• What the exercise asks:
The string "Kode" appears in some lines of the data. Report how many, with no other words.

=== Begin Enclosure ===

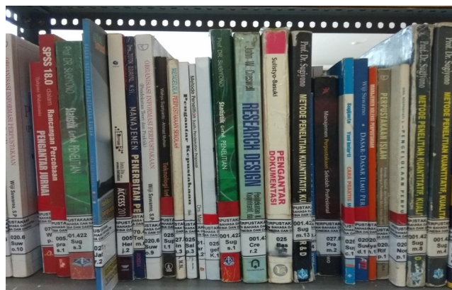
Gambar 2. Kode Buku

Di punggung buku terdapat kode sebagai petunjuk agar bahan pustaka dapat dikenali dengan mudah sesuai klasifikasinya. Kode buku sangat penting untuk mengelompokkan koleksi buku sesuai dengan jenisnya atau klasifikasinya, ini akan mempermudah mencari buku dan juga penempatan buku.
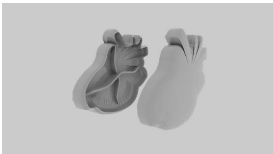
Imagen 4. Altar Render. Elaboración Propia (2023).

Ahora bien, la segunda parte consta de un objeto que funciona como altar, donde los jóvenes podrán guardar dentro del mismo, las actividades que se les dejaron de tarea para realizar en casa. El propósito del mismo es crear un ambiente seguro al igual que reforzar los vínculos afectivos con toda la familia, debido a que al estar en una situación donde hay un escenario en el que un padre puede trascender, el adolescente podrá generar memorias y momentos con su ser querido, al igual que tener tiempo de calidad.
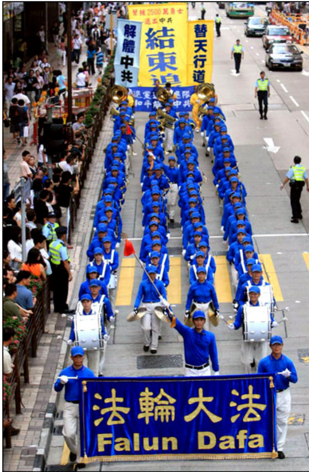
替天行道，解体中共，结束迫害

=== End Enclosure ===

• Answer:
2